Dataset extract:
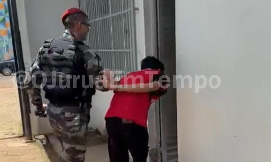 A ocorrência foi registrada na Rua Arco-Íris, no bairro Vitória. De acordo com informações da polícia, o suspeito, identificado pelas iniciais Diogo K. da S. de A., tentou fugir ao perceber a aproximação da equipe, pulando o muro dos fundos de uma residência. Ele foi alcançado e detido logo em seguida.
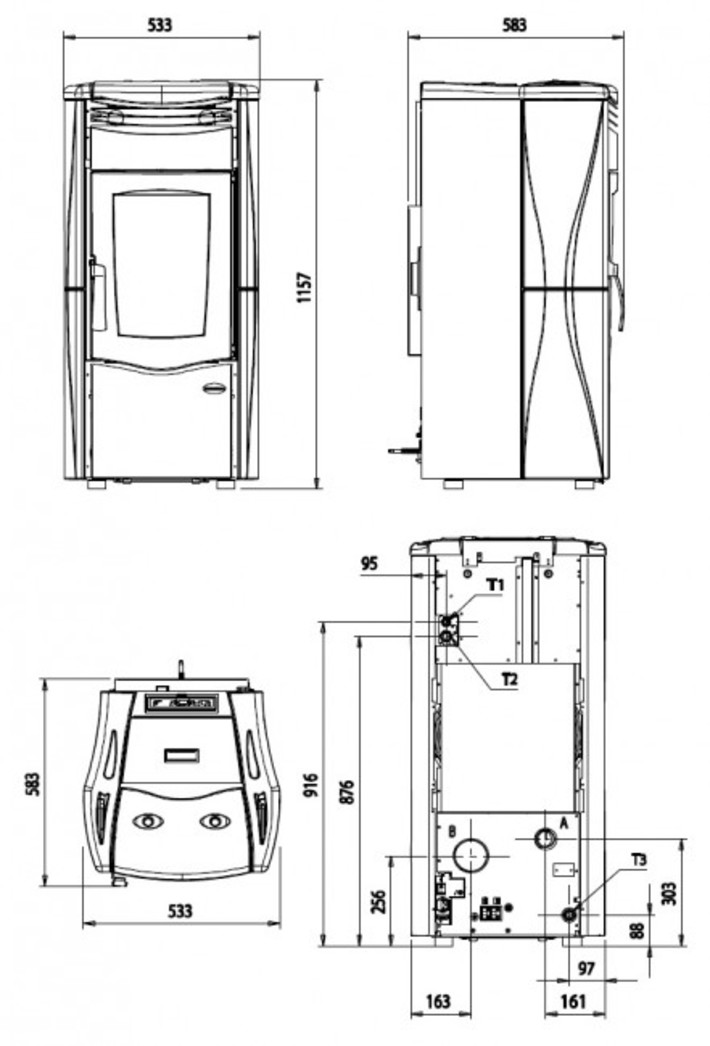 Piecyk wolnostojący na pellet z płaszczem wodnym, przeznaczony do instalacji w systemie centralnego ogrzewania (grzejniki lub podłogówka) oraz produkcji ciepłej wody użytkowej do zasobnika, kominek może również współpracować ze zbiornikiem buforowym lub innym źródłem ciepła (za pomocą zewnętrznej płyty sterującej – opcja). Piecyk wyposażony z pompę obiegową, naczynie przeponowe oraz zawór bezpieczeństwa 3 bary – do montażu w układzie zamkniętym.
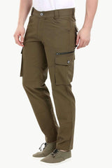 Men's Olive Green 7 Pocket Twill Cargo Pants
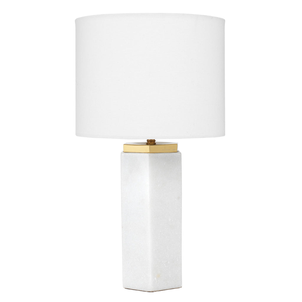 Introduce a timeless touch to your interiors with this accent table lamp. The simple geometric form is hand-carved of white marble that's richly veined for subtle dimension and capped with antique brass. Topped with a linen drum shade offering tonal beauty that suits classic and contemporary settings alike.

Exercise:
Leaving each image aside, repeat the listing above exactly.

Solution:
 A ocorrência foi registrada na Rua Arco-Íris, no bairro Vitória. De acordo com informações da polícia, o suspeito, identificado pelas iniciais Diogo K. da S. de A., tentou fugir ao perceber a aproximação da equipe, pulando o muro dos fundos de uma residência. Ele foi alcançado e detido logo em seguida.
 Piecyk wolnostojący na pellet z płaszczem wodnym, przeznaczony do instalacji w systemie centralnego ogrzewania (grzejniki lub podłogówka) oraz produkcji ciepłej wody użytkowej do zasobnika, kominek może również współpracować ze zbiornikiem buforowym lub innym źródłem ciepła (za pomocą zewnętrznej płyty sterującej – opcja). Piecyk wyposażony z pompę obiegową, naczynie przeponowe oraz zawór bezpieczeństwa 3 bary – do montażu w układzie zamkniętym.
 Men's Olive Green 7 Pocket Twill Cargo Pants
 Introduce a timeless touch to your interiors with this accent table lamp. The simple geometric form is hand-carved of white marble that's richly veined for subtle dimension and capped with antique brass. Topped with a linen drum shade offering tonal beauty that suits classic and contemporary settings alike.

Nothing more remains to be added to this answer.